NOTICE:  BL31: v1.3(release):41d46a9cf
NOTICE:  BL31: Built : 21:14:44, Jun 25 2020
ipc-unittest-main: 1519: Welcome to IPC unittest!!!
ipc-unittest-main: 1531: waiting forever
ipc-unittest-srv: 329: Init unittest services!!!
hwkey-agent: 40: hwkey-agent is running!!
hwkey-agent: 182: key_mgnt_processing .......
hwkey-agent: 157: Init hweky-agent services!!
platform_bootstrap_epilog: trusty bootstrap complete

Something changed, I got the same serial port message above about trusty bootstrap complete and hung at the tegrarcm_v2 --isapplet location trying to flash Jetpack 4.4 with Jetpack 4.3 bootloader as well.

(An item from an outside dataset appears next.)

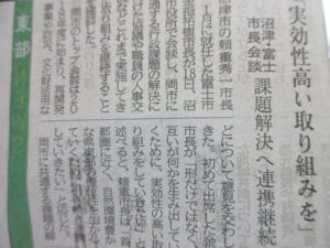 実は、既に一般質問を提出しましたが、広域連携の強化を求める質問をだしています。今回のトップ会談を契機に富士市と沼津市の将来展望も含め質問で確認しようと思っています。いずれにしても、新たな市長には、未来に向けて東部エリアのリーダーとしての活躍に期待したいです。

The change happened after I successfully programed rel-28.4 and then failed to program JP 4.4 with only P3310_A00_8GB_lpddr4_A02_l4t.cfg copied from JP 4.3

I re-flashed JP 4.3 successfully, and booted this once, then retried the JP 4.4 based upload script with both P3310_A00_8GB_lpddr4_A02_l4t.cfg and tegra186-a02-bpmp-quill-p3310-1000-a00-00.dtb copied from JP 4.3. I reproduced the same state again on the serial port

[0187.534] I> Welcome to MB2(TBoot-BPMP) Recovery(version: 01.00.160913-t186-M-00.00-mobile-82dac681)
[0187.543] I> bit @ 0xd480000
[0187.546] I> Boot-device: eMMC
[0187.735] I> sdmmc DDR50 mode
[0187.740] I> sdmmc bdev is already initialized
[0187.744] I> pmic: reset reason (nverc)        : 0x80
[0187.751] I> Found 18 partitions in SDMMC_BOOT (instance 3)
[0187.758] I> Found 33 partitions in SDMMC_USER (instance 3)
[0187.767] I> Binary(16) of size 533504 is loaded @ 0xd7800000
[0187.776] I> Binary(17) of size 604720 is loaded @ 0xd796c5c0
[0188.006] I> Copy BTCM section
[0188.010] I> Binary(13) of size 220912 is loaded @ 0x96000000
[0188.018] I> Binary(20) of size 371424 is loaded @ 0x8520f400
[0188.025] I> Binary(14) of size 366000 is loaded @ 0x8530f600
[0188.033] I> TOS boot-params @ 0x85000000
[0188.037] I> TOS params prepared
[0188.040] I> Loading EKS ...
[0188.043] I> Binary(15) of size 1040 is loaded @ 0x8590f800
[0188.049] I> EKB detected (length: 0x400) @ 0x8590f800
[0188.054] I> Copied encrypted keys
[0188.057] I> boot profiler @ 0x275844000
[0188.061] I> boot profiler for TOS @ 0x275844000
[0188.066] I> Unhalting SCE
[0188.069] I> Primary Memory Start:80000000 Size:70000000
[0188.074] I> Extended Memory Start:f0110000 Size:1856f0000
[0188.081] I> MB2(TBoot-BPMP) Recovery done

NOTICE:  BL31: v1.3(release):41d46a9cf
NOTICE:  BL31: Built : 21:14:44, Jun 25 2020
ipc-unittest-main: 1519: Welcome to IPC unittest!!!
ipc-unittest-main: 1531: waiting forever
ipc-unittest-srv: 329: Init unittest services!!!
hwkey-agent: 40: hwkey-agent is running!!
hwkey-agent: 182: key_mgnt_processing .......
hwkey-agent: 157: Init hweky-agent services!!
platform_bootstrap_epilog: trusty bootstrap complete

So I still don’t have a solution other than replacing the entire bootloader directory, and even that solution doesn’t work after I fail to program the JP 4.4 release after replacing a smaller subset of files, until I completely reprogram with JP 4.3.